= ABOUT THIS TASK =
Print word for word whatever lies between the first line of the material and the line holding "原料:西瓜皮、肉糜、蒜末、辣酱、甜面酱、花椒粉。", both included, and omit all pictures.

= DATA SEGMENT =
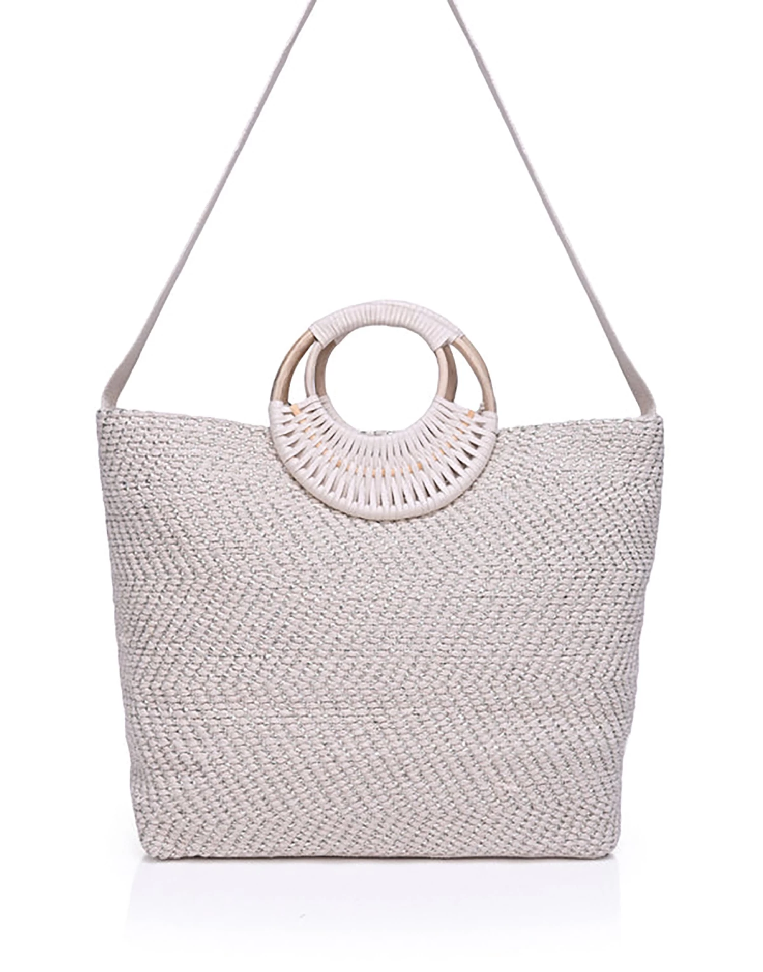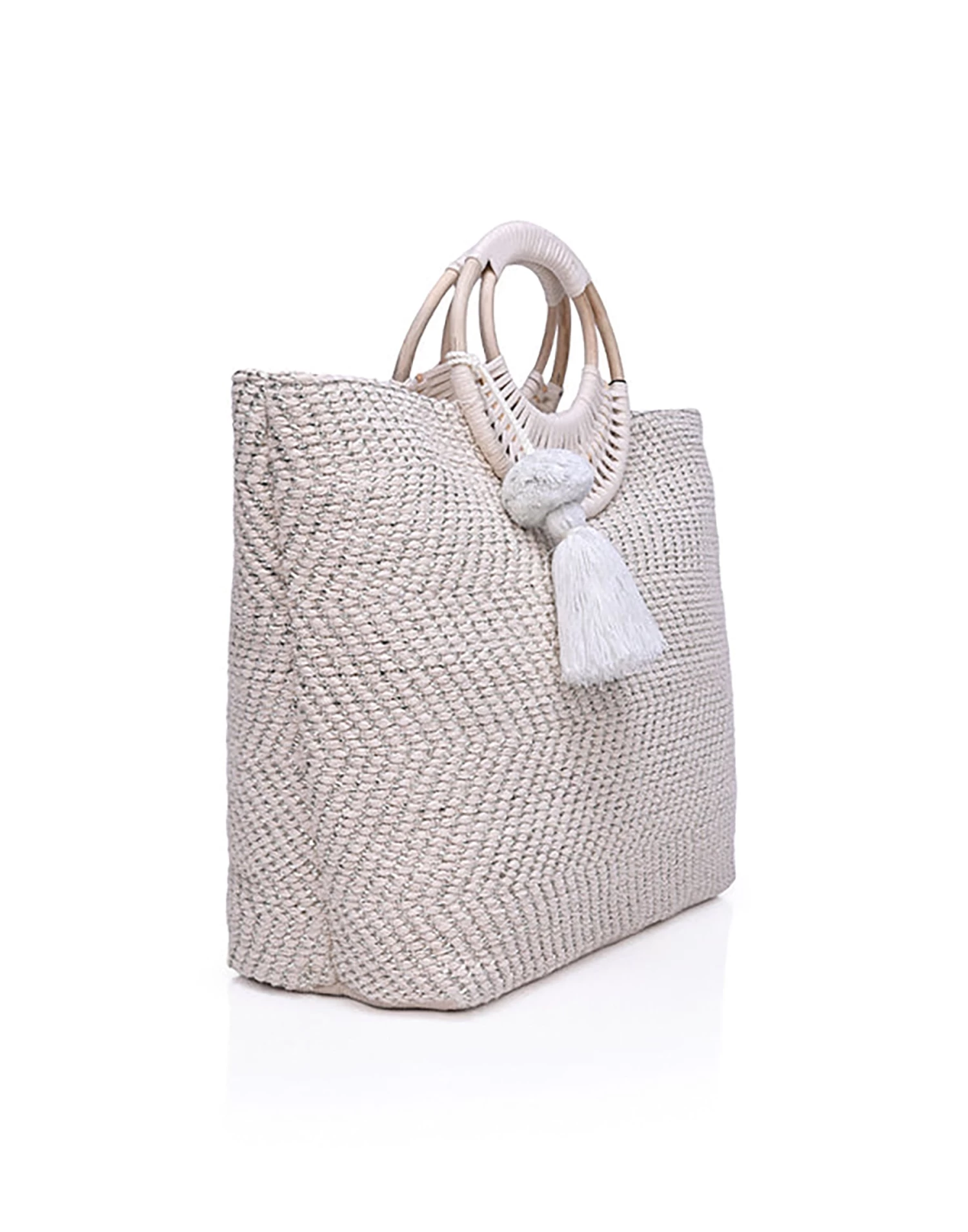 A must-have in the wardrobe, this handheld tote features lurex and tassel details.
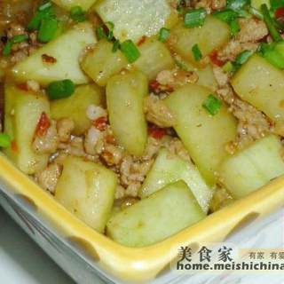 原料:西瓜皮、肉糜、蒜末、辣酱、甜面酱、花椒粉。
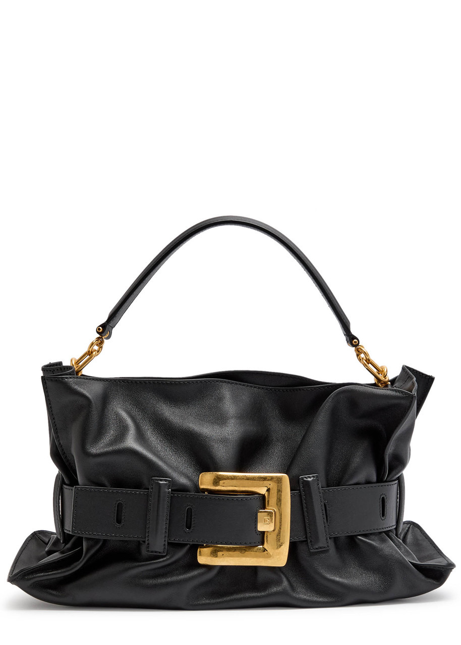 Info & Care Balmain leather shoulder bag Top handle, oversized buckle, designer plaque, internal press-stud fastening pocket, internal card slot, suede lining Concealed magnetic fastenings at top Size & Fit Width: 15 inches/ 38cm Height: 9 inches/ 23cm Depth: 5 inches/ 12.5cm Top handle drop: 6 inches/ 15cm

= WRITTEN ANSWER =
 A must-have in the wardrobe, this handheld tote features lurex and tassel details.
 原料:西瓜皮、肉糜、蒜末、辣酱、甜面酱、花椒粉。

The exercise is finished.